*Records for this task*
----------

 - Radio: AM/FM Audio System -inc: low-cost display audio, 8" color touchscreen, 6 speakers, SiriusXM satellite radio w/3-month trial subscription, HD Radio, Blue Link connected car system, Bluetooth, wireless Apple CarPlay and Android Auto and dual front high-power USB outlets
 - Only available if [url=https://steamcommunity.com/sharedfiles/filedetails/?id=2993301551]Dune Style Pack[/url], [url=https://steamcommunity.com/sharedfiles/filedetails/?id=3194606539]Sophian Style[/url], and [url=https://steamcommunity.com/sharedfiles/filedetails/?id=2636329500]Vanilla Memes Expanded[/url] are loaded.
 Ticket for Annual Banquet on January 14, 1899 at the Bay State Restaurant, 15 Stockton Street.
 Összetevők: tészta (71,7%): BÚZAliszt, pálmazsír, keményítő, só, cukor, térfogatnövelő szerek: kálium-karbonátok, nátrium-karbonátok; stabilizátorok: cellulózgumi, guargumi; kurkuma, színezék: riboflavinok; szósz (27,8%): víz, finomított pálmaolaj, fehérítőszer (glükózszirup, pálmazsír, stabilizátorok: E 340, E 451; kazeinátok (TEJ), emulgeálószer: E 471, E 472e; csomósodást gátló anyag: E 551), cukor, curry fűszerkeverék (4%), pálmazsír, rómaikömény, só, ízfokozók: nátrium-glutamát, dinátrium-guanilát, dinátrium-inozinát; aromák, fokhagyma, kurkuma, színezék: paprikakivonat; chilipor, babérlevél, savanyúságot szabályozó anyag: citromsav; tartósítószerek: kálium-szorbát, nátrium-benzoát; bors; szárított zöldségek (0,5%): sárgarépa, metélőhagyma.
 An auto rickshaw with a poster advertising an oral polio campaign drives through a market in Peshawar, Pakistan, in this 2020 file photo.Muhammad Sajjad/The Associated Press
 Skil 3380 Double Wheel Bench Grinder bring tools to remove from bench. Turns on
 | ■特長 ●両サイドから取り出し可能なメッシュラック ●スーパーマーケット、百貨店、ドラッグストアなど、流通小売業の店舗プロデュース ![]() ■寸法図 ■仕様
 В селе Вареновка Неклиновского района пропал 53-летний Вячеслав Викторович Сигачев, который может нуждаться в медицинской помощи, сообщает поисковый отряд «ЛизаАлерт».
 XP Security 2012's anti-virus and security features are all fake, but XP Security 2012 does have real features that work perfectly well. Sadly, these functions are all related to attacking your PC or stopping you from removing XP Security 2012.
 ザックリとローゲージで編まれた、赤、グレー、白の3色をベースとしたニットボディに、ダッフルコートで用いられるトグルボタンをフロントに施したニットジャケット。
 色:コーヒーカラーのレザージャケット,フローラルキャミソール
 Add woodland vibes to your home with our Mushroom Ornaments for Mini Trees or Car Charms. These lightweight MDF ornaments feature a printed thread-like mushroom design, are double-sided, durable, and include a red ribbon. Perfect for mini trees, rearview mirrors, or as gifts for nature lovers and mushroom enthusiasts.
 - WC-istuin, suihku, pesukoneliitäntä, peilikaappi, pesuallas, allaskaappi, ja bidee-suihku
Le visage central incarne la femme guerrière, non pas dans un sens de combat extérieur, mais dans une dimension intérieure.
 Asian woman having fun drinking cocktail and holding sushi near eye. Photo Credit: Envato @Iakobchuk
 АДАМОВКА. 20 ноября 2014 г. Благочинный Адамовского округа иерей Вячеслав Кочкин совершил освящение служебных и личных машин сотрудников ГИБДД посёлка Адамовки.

----------

*What you will do*
All that is wanted is the run of lines from the start of the data through the line containing "- Only available", copied word for word.

*Answer for the task*
 - Radio: AM/FM Audio System -inc: low-cost display audio, 8" color touchscreen, 6 speakers, SiriusXM satellite radio w/3-month trial subscription, HD Radio, Blue Link connected car system, Bluetooth, wireless Apple CarPlay and Android Auto and dual front high-power USB outlets
 - Only available if [url=https://steamcommunity.com/sharedfiles/filedetails/?id=2993301551]Dune Style Pack[/url], [url=https://steamcommunity.com/sharedfiles/filedetails/?id=3194606539]Sophian Style[/url], and [url=https://steamcommunity.com/sharedfiles/filedetails/?id=2636329500]Vanilla Memes Expanded[/url] are loaded.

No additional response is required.